Visual Semantic Relatedness Dataset for Image Captioning

Overview

We enrich COCO Captions with textual Visual Context information. We use ResNet152, CLIP, and Faster R-CNN to extract object information for each image. We use three filter approaches to ensure the quality of the dataset (1) Threshold: to filter out predictions where the object classifier is not confident enough, and (2) semantic alignment with semantic similarity to remove duplicated objects. (3) semantic relatedness score as soft-label: to guarantee the visual context and caption have a strong relation. In particular, we use Sentence-RoBERTa via cosine similarity to give a soft score, and then we use a threshold to annotate the final label (if th ≥ 0.2, 0.3, 0.4 then 1,0).

For quick start please have a look at the demo

Proposed Approach

We also propose a strategy to estimate the most closely related/not-related visual concepts using the caption description via BERT-CNN.

Resulting Dataset

We rely on COCO-Captions dataset to extract the visual context, and we propose two visual context datasets:

Visual_COCO

            visual context, caption descriptions
            umbrella dress human face, a woman with an umbrella near the sea.
            bathtub tub, this is a bathroom with a jacuzzi shower sink and toilet.
            snowplow shovel, the fire hydrant is partially buried under the snow.
            desktop computer monitor, a computer with a flower as its background sits on a desk.
            pitcher ballplayer, a baseball player preparing to throw the ball.
            groom restaurant, a black and white picture of a centerpiece to a table at a wedding.

Overlapping_COCO

            visual context, caption descriptions, overlapping information
            pole streetsign flagpole, a house that has a pole with a sign on it,{'pole'}.
            stove microwave refrigerator, an older stove sits in the kitchen next to a bottle of cleaner,{'stove'}.
            racket tennis ball ballplayer, a tennis player swinging a racket at a ball,{'tennis', 'racket', 'ball'}.
            grocery store dining table restaurant, a table is full of different kinds of food and drinks,{'table'}.

Another task that can benefit from the proposed dataset is investigating the contribution of the visual context to gender bias.

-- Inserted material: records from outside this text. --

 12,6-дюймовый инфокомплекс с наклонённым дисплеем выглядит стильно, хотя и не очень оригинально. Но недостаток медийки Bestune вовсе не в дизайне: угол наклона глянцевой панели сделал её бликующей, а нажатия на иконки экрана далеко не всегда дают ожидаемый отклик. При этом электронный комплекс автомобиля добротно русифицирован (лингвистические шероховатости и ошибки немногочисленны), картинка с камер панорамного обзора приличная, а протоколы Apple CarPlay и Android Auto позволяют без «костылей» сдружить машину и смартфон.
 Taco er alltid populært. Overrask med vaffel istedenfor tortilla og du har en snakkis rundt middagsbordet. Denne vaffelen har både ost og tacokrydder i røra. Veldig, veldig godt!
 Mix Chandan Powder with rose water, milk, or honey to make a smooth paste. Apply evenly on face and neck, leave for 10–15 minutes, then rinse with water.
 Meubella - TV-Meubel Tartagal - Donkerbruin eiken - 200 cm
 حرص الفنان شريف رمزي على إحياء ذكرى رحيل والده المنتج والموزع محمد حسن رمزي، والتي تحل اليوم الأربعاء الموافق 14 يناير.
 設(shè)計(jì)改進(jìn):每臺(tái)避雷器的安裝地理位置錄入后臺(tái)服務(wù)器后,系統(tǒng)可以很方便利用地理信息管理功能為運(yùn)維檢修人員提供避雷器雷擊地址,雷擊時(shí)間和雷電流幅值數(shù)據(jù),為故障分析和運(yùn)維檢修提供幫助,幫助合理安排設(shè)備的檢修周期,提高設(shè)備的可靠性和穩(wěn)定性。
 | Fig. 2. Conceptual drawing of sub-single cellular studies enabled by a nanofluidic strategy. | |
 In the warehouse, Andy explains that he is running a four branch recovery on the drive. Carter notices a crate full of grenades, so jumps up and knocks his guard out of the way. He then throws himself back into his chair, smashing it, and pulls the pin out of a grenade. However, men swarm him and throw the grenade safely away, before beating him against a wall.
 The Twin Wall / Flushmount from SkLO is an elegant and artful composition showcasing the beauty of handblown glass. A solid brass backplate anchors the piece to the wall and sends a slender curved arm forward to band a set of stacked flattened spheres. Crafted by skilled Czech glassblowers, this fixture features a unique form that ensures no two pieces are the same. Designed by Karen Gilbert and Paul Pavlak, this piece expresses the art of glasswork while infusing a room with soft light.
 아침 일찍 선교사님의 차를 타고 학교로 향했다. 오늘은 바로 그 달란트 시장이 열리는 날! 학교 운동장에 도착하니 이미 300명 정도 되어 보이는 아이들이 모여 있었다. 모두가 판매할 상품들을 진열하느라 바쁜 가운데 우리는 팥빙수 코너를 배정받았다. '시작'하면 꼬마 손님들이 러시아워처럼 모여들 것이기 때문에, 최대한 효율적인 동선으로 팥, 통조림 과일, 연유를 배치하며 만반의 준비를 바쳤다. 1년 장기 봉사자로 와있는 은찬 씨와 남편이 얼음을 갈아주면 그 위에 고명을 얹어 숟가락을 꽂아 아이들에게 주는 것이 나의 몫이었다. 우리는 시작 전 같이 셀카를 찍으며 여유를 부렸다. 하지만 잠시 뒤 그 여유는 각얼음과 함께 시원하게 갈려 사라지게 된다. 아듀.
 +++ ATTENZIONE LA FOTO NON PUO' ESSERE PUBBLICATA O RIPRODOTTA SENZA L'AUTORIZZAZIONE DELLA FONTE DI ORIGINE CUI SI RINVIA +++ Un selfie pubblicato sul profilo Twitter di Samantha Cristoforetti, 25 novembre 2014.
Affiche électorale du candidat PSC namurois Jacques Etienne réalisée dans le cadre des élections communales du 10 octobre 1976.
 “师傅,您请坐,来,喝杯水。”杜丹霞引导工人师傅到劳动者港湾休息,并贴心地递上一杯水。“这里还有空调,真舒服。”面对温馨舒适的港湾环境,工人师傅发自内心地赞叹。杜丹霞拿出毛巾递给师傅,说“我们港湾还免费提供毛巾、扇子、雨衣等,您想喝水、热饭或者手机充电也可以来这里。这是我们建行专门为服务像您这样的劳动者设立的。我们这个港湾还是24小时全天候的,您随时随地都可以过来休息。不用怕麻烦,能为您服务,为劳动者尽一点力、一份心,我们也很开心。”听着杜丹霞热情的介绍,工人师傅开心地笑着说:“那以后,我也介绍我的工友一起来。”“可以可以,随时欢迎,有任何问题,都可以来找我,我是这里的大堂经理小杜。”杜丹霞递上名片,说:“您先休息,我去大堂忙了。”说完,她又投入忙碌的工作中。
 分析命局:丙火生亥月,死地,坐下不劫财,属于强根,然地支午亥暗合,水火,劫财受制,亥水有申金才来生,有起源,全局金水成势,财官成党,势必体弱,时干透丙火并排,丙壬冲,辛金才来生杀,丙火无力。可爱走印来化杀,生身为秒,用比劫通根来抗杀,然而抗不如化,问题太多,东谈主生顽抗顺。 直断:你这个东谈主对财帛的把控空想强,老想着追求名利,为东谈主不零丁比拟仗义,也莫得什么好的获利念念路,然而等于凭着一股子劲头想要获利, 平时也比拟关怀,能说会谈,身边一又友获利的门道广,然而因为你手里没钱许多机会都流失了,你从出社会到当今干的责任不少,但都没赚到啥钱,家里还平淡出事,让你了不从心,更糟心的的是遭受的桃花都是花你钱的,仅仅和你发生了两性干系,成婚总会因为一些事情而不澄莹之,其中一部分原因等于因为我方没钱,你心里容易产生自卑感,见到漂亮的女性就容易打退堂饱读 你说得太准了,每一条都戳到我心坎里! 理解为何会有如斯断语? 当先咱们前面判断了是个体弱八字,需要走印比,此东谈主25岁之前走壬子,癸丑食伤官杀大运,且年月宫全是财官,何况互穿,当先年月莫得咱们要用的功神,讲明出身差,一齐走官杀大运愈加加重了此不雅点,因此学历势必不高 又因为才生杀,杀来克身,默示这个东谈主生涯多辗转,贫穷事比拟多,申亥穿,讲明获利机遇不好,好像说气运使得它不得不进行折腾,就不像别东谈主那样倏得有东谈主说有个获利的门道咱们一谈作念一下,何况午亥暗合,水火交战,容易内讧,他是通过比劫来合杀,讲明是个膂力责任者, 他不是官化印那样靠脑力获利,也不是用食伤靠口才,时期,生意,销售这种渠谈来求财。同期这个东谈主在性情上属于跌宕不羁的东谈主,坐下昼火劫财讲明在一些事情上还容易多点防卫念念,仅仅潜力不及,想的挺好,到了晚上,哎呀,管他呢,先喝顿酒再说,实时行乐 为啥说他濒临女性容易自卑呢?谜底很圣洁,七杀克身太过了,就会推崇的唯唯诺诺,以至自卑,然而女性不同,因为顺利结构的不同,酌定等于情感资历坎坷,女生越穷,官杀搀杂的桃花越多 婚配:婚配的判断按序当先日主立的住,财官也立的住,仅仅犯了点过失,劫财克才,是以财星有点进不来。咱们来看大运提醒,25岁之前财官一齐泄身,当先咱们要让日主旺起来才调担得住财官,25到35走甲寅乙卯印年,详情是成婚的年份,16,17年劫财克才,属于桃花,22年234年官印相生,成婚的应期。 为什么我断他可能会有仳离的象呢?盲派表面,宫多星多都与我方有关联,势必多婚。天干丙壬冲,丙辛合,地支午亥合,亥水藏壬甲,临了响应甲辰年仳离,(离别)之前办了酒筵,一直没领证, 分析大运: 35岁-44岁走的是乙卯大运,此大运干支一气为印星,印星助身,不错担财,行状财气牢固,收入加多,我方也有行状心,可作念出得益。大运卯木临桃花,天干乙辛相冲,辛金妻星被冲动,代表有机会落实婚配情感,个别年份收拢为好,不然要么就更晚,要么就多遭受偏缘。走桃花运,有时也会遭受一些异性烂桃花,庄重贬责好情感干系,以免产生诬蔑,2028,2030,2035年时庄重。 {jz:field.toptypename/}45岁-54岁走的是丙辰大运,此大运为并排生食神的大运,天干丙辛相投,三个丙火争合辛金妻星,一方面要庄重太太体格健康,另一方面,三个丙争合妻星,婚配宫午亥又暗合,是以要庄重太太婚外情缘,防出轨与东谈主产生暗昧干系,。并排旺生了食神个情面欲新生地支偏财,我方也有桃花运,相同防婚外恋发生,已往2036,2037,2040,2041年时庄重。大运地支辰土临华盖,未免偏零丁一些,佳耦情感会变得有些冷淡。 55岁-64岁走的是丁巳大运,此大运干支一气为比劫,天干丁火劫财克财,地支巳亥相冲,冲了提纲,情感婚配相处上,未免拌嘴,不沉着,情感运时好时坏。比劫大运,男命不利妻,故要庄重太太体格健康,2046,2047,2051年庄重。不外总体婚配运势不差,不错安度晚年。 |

We also propose gender neutral dataset.

Gender Neutral_COCO

            visual context, caption descriptions
            pizza, a person cutting a pizza with a fork and knife.
            suit, a person in a suit and tie sitting with his hands between his legs.
            paddle, a person riding a colorful surfboard in the water.
            ballplayer, a young person in a batting stance in a baseball game.

Frequency count of object + gender in the proposed dataset.
Visual	+ person	+ man	+ woman	m	w	to-m
Clothing	3950	3360	1490	.85	.37	.69
footwear	2810	1720	220	.61	.07	.88
racket	1360	440	150	.32	.11	.74
surfboard	820	80	10	.09	.01	.88
tennis	140	200	60	1.4	.42	.76
motorcycle	480	40	20	.08	.04	.66

The dataset, in most cases, has more gender-neutral person than gender bias toward men or women. However, the dataset is similar to COCO, a gender bias dataset to-ward men.